Figure 2. Exogenous PPARγ or H₂O₂ rescues adipocyte differentiation in the presence of mitochondrial targeted antioxidants.

(A) Human MSCs were infected with AdPPARγ2 or AdNull at day 1 and treated with TPP (500nM) or MitoCP (500nM) +/− 5 μM troglitazone (Tro) starting at day 2. Subsequently, at day 21 of differentiation cells were stained with Oil Red O and optical density (OD) values were assessed. N=3 ± SEM.

(B) Gene expression of PPARγ2 and its target genes at day 7 of differentiation in human MSCs infected with AdPPARγ2 or AdNull at day 1 and treated with TPP (500nM) or MitoCP (500nM) +/− 5 μM troglitazone (Tro.) starting at day 2. N=3 ± SEM.

(C) Western blot analysis of PPARγ protein at Day 5 of adipocyte differentiation. Human MSCs were infected with AdNull or AdPPARγ2 at day 1 and administered 500 nM of MitoCP or TPP control starting at day 2.

(D) Intracellular H₂O₂ levels of human MSCs treated with galactose (0.5mM) with or without galactose oxidase (GAO, 0.015U/ml) in the presence of 500 nM of TPP or MitoCP starting at Day 2. N=3 ± SEM.
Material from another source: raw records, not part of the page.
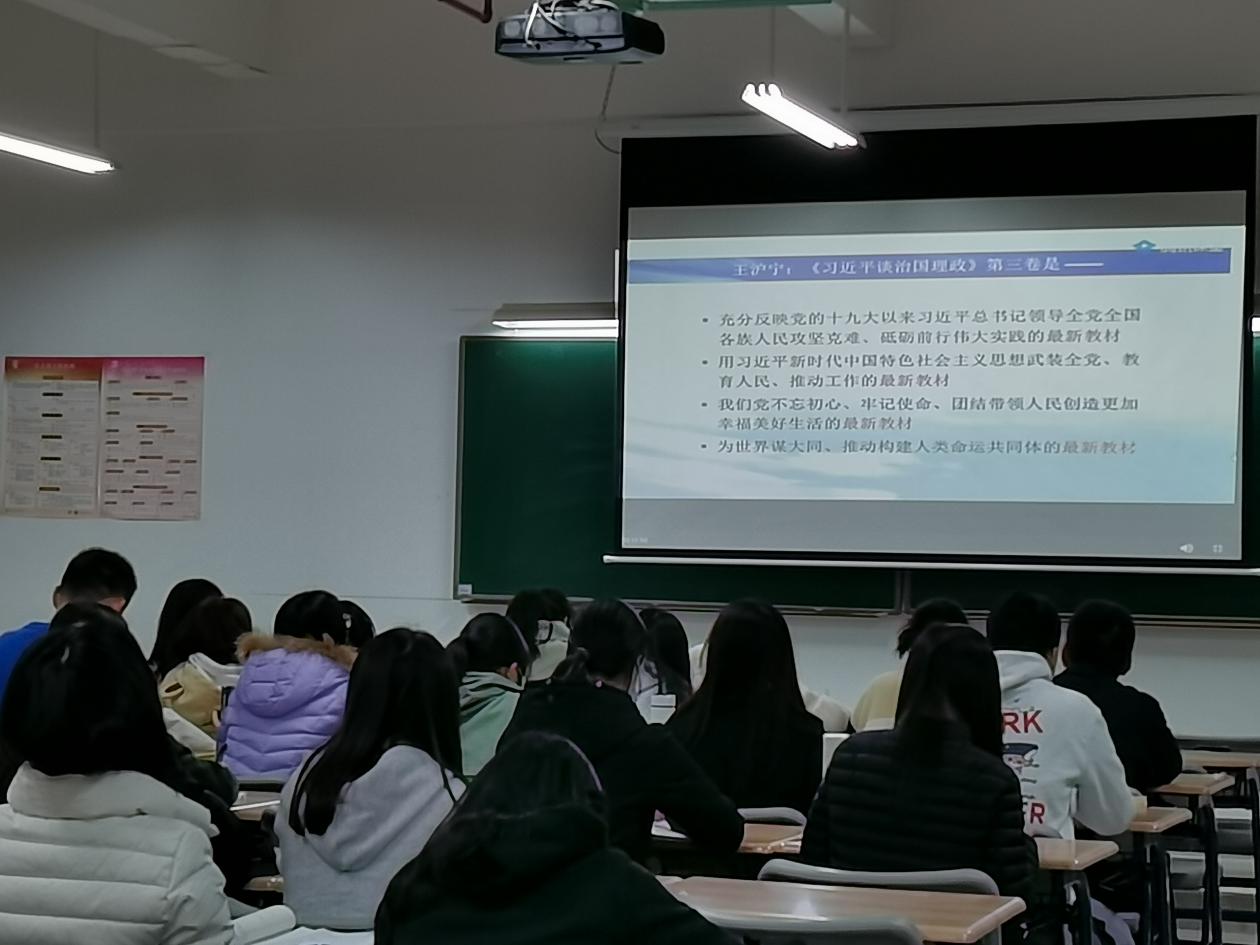 丁妙珍在课上带领同学们回顾了习近平总书记的五四运动100周年大会的讲话的内容,并从学习贯彻《习近平谈治国理政》、青年为什么要培育和践行社会主义核心价值观、培育和践行社会主义核心价值观的背景、社会主义核心价值观的内涵以及如何践行社会主义核心价值观等五大方面与同学们进行深入的交流与分享。
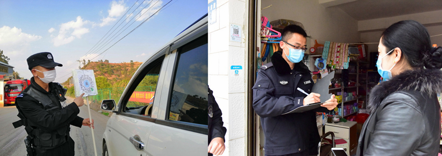 左图为正在辖区疫情防控卡点值守的大儿子王麒沣;右图为摸排辖区人员活动轨迹的小儿子王杰晖。王春艳摄
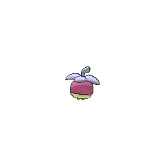 Bounsweet is a small Pokémon resembling a mangosteen. Most of its body is pinkish-purple with a short, white skirt around its waist, which resembles the flesh of a mangosteen when it is cut open. It has beady yellow eyes and two tiny legs. On top of its head is a green calyx. This structure consists of four leafy green formations and a short stem.

(E) Human MSCs were treated with galactose (0.5mM) with or without GAO (0.015U/ml) plus 500 nM of TPP or MitoCP starting at day 2. Subsequently, at day 21 of differentiation cells were stained with Oil Red O and optical density (OD) values were assessed. N=3 ± SEM.

(F) Human MSCs were treated with galactose (0.5mM) with or without GAO (.015U/ml) plus 500 nM TPP or MitoCP starting at day 2. Gene expression was analyzed at day 7 of differentiation. N=3 ± SEM.